• [LISTED RECORDS]

== Segment start ==

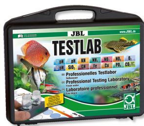
JBL Testlab Test case with 13 tests f. freshwater analysis Testlab
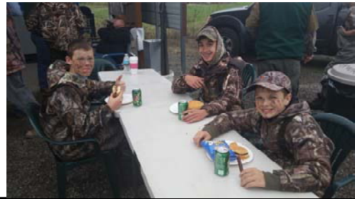
Young hunters await blind assignments for the youth hunt and enjoy burgers.
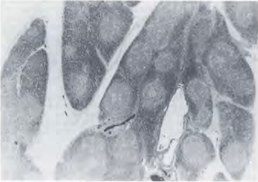
Figure 2. Biopsy of the thymus gland from the 15-week-old Weimaraner with the wasting syndrome shown in Figure 1. There is an overall decrease from normal in the size of the gland and the cortex-to-medulla ratio. In some areas, the cortex is distinguishable only as a rim of tissue in the periphery of the lobule. There is increased width and adipose tissue content of the interlobular septae. 30 X-magnification.

hormone-induced somatomedin activity) or it may be due to a thymic hormone (or hormones) that is (are) induced by growth hormone. The growth hormone therapy did not cause a consistent increase in the serum concentration of thymosin alpha 1. The pups were apparently not deficient in thymosin alpha 1 before therapy with growth hormone.
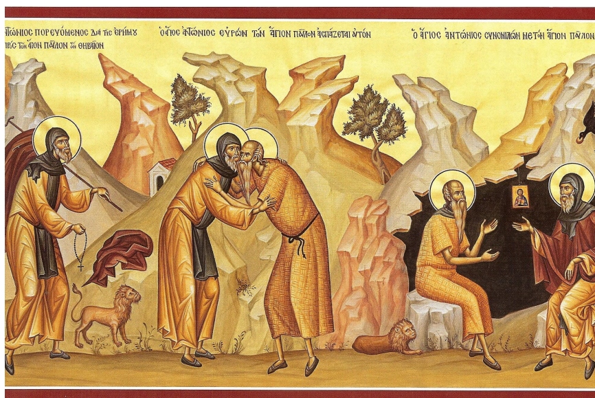
Abba Paul of Thebes and Abba Anthony
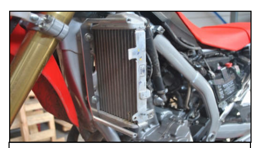
Fix the kit on the radiator with original screws
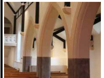
Columns and arches in the Gothic style.

== Segment end ==

• [TASK DESCRIPTION] Find the line containing "Figure 2. Biopsy", then extract it and every line after it to the end of the data above, exactly and nothing else, without pictures.

• [RESPONSE TO THE TASK]
Figure 2. Biopsy of the thymus gland from the 15-week-old Weimaraner with the wasting syndrome shown in Figure 1. There is an overall decrease from normal in the size of the gland and the cortex-to-medulla ratio. In some areas, the cortex is distinguishable only as a rim of tissue in the periphery of the lobule. There is increased width and adipose tissue content of the interlobular septae. 30 X-magnification.

hormone-induced somatomedin activity) or it may be due to a thymic hormone (or hormones) that is (are) induced by growth hormone. The growth hormone therapy did not cause a consistent increase in the serum concentration of thymosin alpha 1. The pups were apparently not deficient in thymosin alpha 1 before therapy with growth hormone.
Abba Paul of Thebes and Abba Anthony
Fix the kit on the radiator with original screws
Columns and arches in the Gothic style.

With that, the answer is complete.